What is needed:
Give back the whole listing verbatim, printing none of its pictures.
***** Data *****
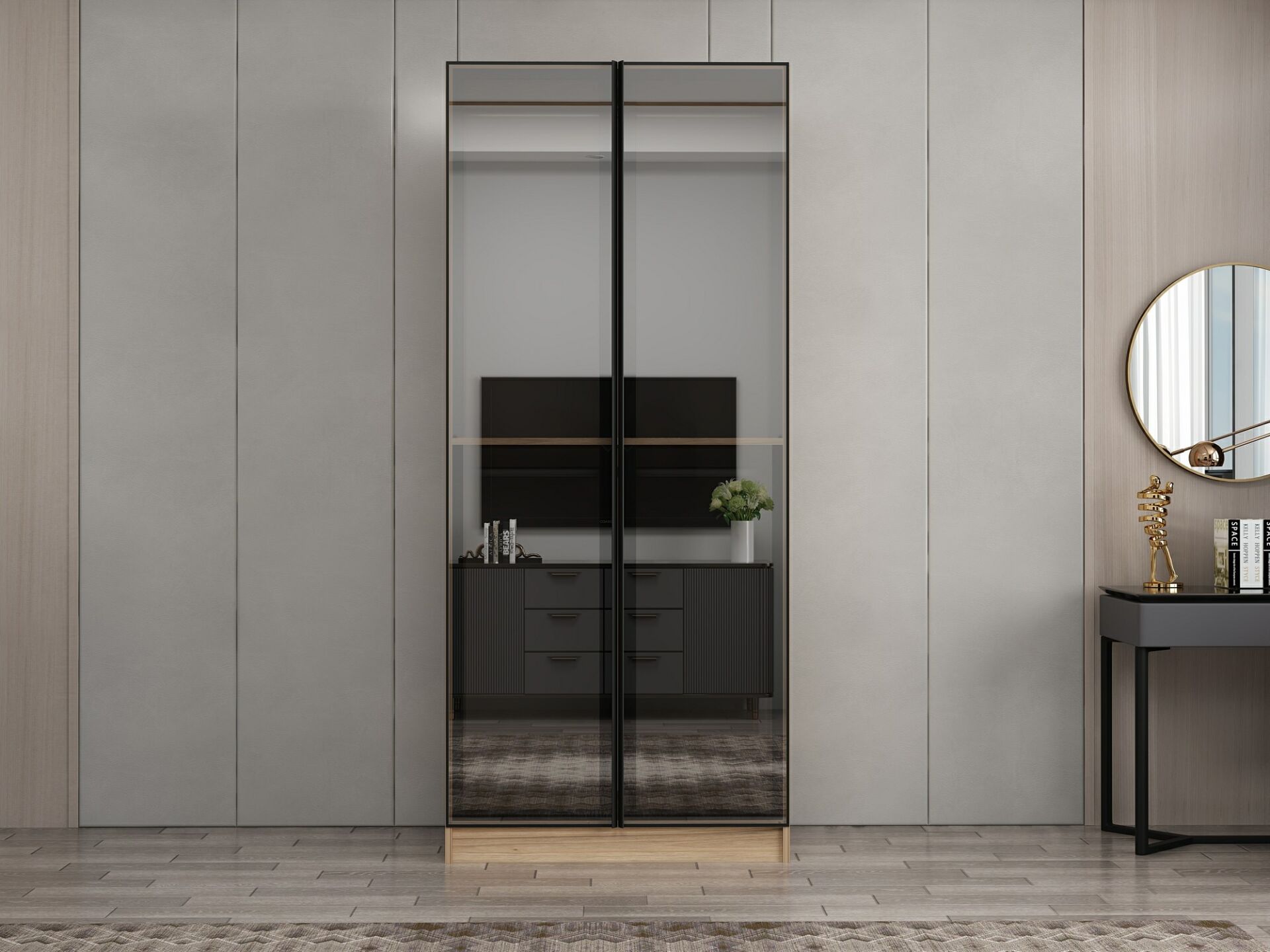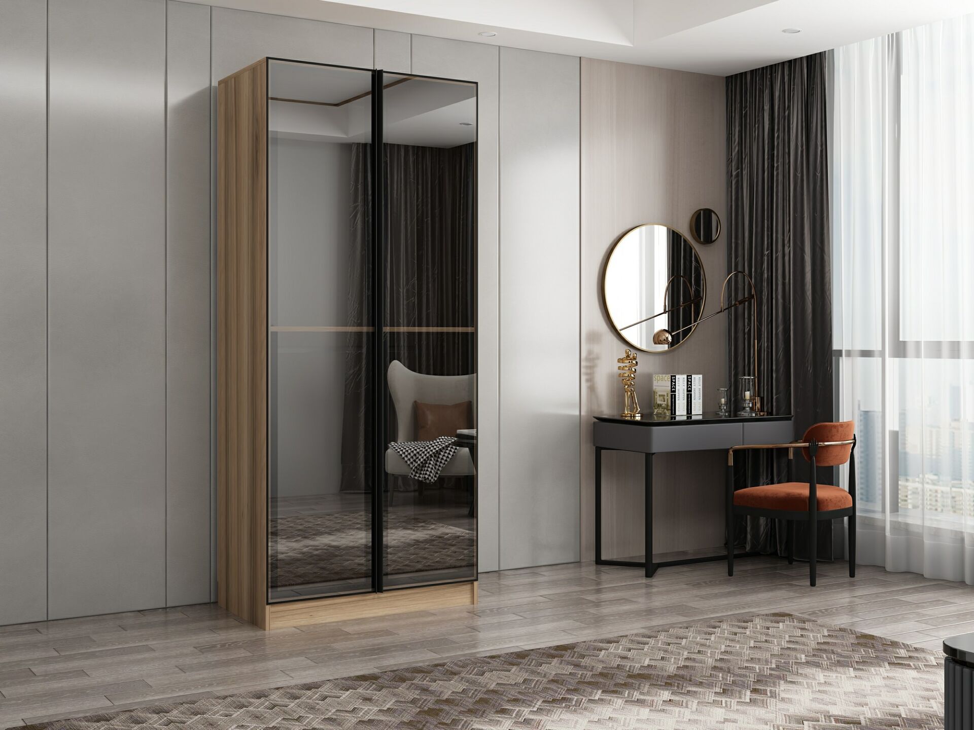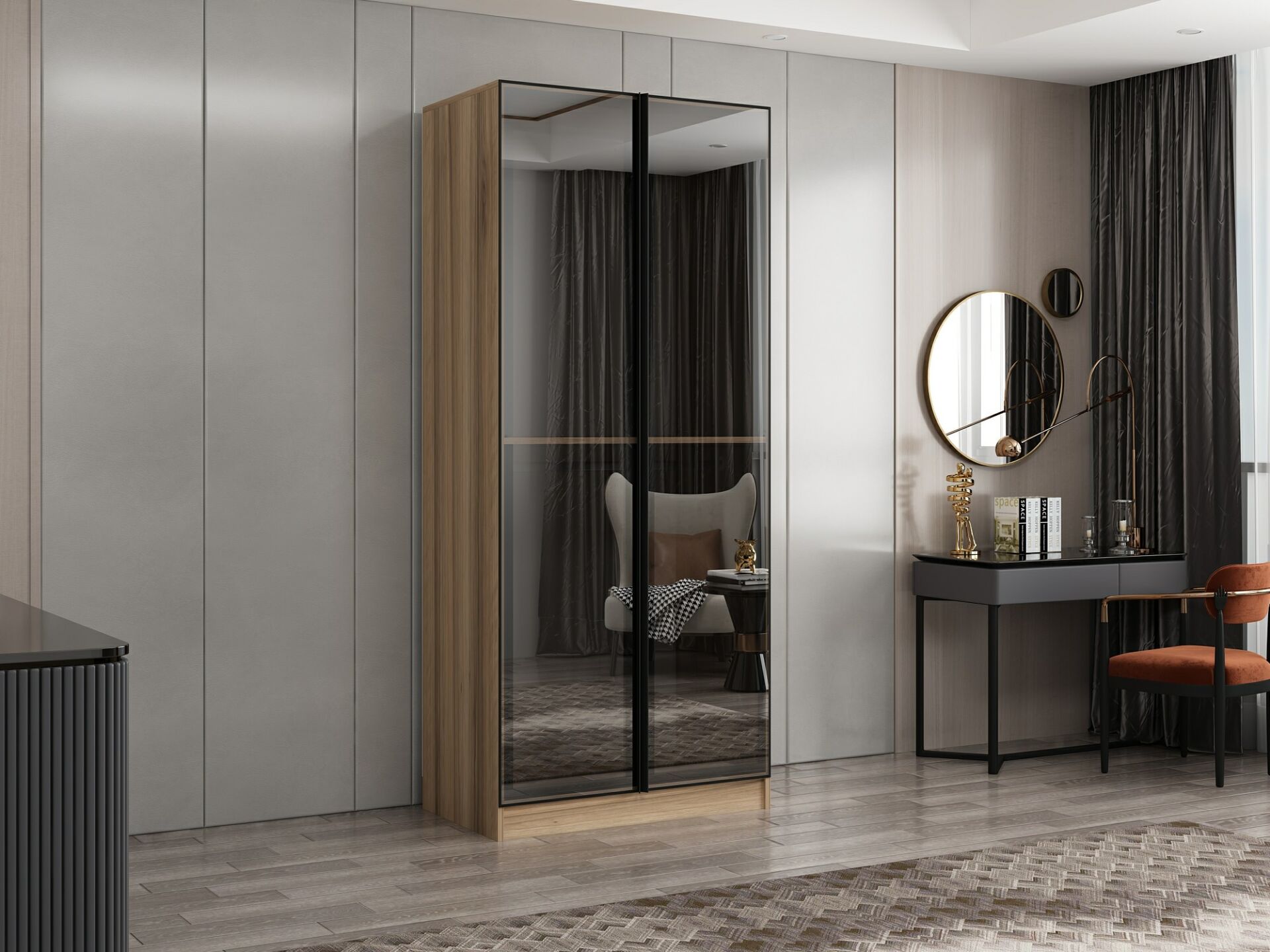 Nisa 2 Kapaklı Dolap Dore Reflekte Cam
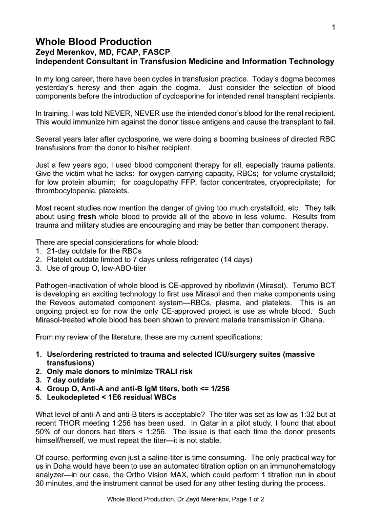 Transfusion Medicine, Blood Bank IT, Pathogen Inactivation, Plasma Fractionation, COVID-19 Convalescent Plasma Production
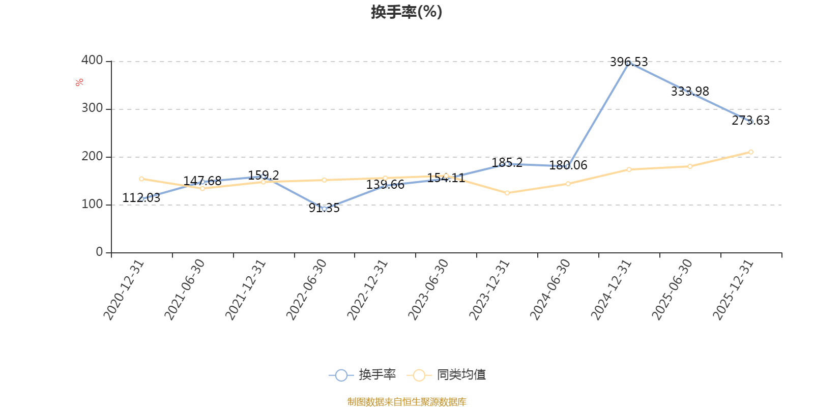 截至2025年12月31日,基金最近一年换手率约570.12%,持续2年高于同类均值。
*****
Exercise result:
 Nisa 2 Kapaklı Dolap Dore Reflekte Cam
 Transfusion Medicine, Blood Bank IT, Pathogen Inactivation, Plasma Fractionation, COVID-19 Convalescent Plasma Production
 截至2025年12月31日,基金最近一年换手率约570.12%,持续2年高于同类均值。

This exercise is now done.